=== What is expected ===
Copy out every line of the material below, character for character, apart from the pictures.

=== Supplied data ===
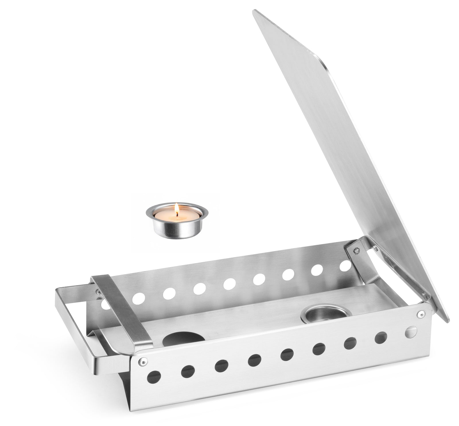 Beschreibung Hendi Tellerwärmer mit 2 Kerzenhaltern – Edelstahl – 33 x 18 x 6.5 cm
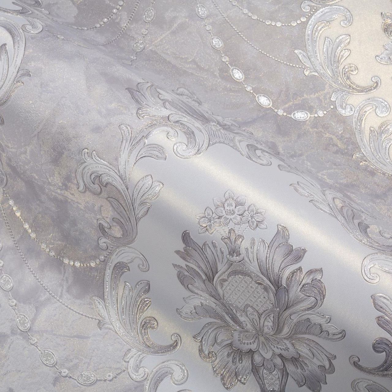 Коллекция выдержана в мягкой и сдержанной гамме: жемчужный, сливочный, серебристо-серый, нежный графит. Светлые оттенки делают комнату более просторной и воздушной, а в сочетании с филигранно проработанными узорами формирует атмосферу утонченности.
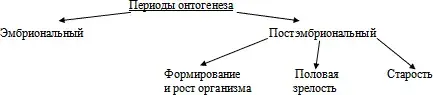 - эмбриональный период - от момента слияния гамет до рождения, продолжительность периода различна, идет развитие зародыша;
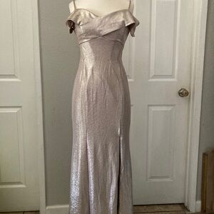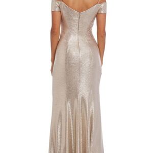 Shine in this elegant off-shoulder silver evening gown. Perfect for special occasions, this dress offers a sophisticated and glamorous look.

=== Written solution ===
 Beschreibung Hendi Tellerwärmer mit 2 Kerzenhaltern – Edelstahl – 33 x 18 x 6.5 cm
 Коллекция выдержана в мягкой и сдержанной гамме: жемчужный, сливочный, серебристо-серый, нежный графит. Светлые оттенки делают комнату более просторной и воздушной, а в сочетании с филигранно проработанными узорами формирует атмосферу утонченности.
 - эмбриональный период - от момента слияния гамет до рождения, продолжительность периода различна, идет развитие зародыша;
 Shine in this elegant off-shoulder silver evening gown. Perfect for special occasions, this dress offers a sophisticated and glamorous look.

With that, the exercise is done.